We can all agree that Valentine’s Day is B.S., right? A commercialized faux-holiday created to generate maximum profit for candy/jewelry/paper-purveyors while making everybody who isn’t in the flush of new love feel like crud (not to mention reinforcing retrograde gender stereotypes).

Obvious stuff. But I’m a straight girl who’s been conditioned since third-grade card exchanges to connect the receiving of gifts with belonging and acceptance. Since I’d spent most of my life single, February brought feelings of intense shame and loneliness. I’d slink around like a fugitive hoping that nobody would know.

Here are some of the places I felt excluded from the regular drift of humanity:

• The aisles of Walgreens.

• Street corners where entrepreneurial truck owners hawked carnival bears out of their flatbeds. They sold similar packages on Mother’s Day, but those displays didn’t bother me (because I have a mother).

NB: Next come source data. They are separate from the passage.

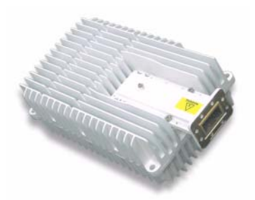
C-Band DC-powered BUC

The BUCs are completely protected from the elements, are without external user controls and are fully sealed, and pressure tested to 34 kPa (5 psi). Particle and moisture penetration is rated to IP67. High quality paint is used to protect the modules from corrosion.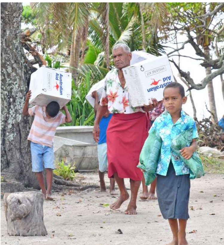
Villagers with relief supplies at Nukuni Village, Ono-i-Lau.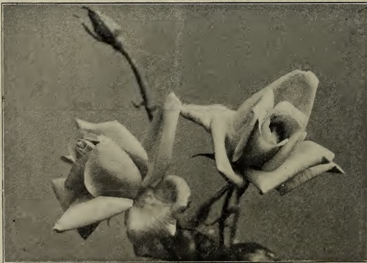
BETTY—For description see page 10.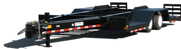
Shown with optional Ramps.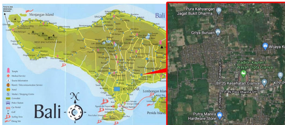
Figure 1. Map of Buruan Village Gianyar Bali

Celuk Buruan Village is located in Gianyar Regency, Blahbatuh District, and this village has an official village structure that oversees seven traditional villages or hamlets or banjars, namely Kutri, Buruan, Celuk, Bangunliman, Getas Kawan, Getas Kangin, and Griya Ketandan (Wikipedia, 2020). The majority of people in the village of Buruan work as farmers because agricultural land in this area can be said to still exist and be productive. Aside from being a farmer, most of the people work as private employees or civil servants, traders, craftsmen and so on.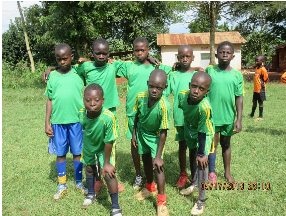
Under-13 Buwate children played a 1-1 draw match.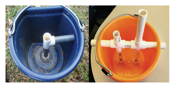
Figure 6. Client modifications to prevent PVC pipe from spinning when sampling moist soils. (Left) The side handle is held while sampling. This design has multiple soil exit holes. (Right) Another design with two sampling depths and pipe through the pail sides for stability. This design has single soil exit holes.

The 3/4" holes in this design provided an easy exit point for dry soils. However, several clients noted that if heavier soils with some moisture in them – not mud, but "plow moisture" soils – were sampled, repeated sampling could leave a thin layer of heavy soil into the PVC pipe and cause a rotation stress or torque on the pipe. This caused the PVC pipe to spin while sampling. The clients addressed the issue by gluing a cross-bar or tee-bar arrangement to the soil sampling device that could be held, which kept the PVC pipe from rotating (see Figure 6).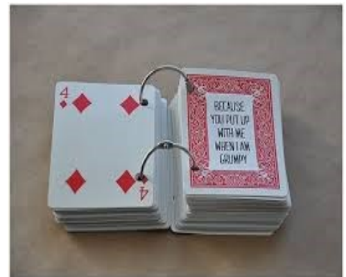
Valentine Gift Ideas!!

I encourage all of you, who are reading this to try some simple acts to show God's love to your school or work place you will be amazed at how much of an impact it can have. Thank you all for your time and God Bless you until we speak again!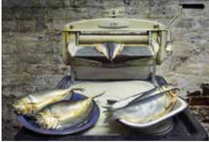
Roy Essery MPAGB Colchester PS "Kipper Production Line"

• Whole Foods, with its yuppie take on romance: sales on steak, red wine and essential oils. (Note: I don’t think these sales actually existed, but my brain filled in any gaps in complete societal exclusion.)

It all boils down to my lizard brain screaming, WHERE ARE MY PRESENTS?! And, more tragically, What is wrong with me that nobody is gifting me anything?

Valentine’s Day, sophomore year of high school: During a science test an office aide entered the classroom to deliver a card and present. Could it be for me? Unlikely. The popular girls received jingling, flashing, helium-filled tributes to their desirability. But I was a single girl who’s friends explained my inability to get a date with the phrase, “You don’t play the game.” But I want to play the game! Tell me how to play the game!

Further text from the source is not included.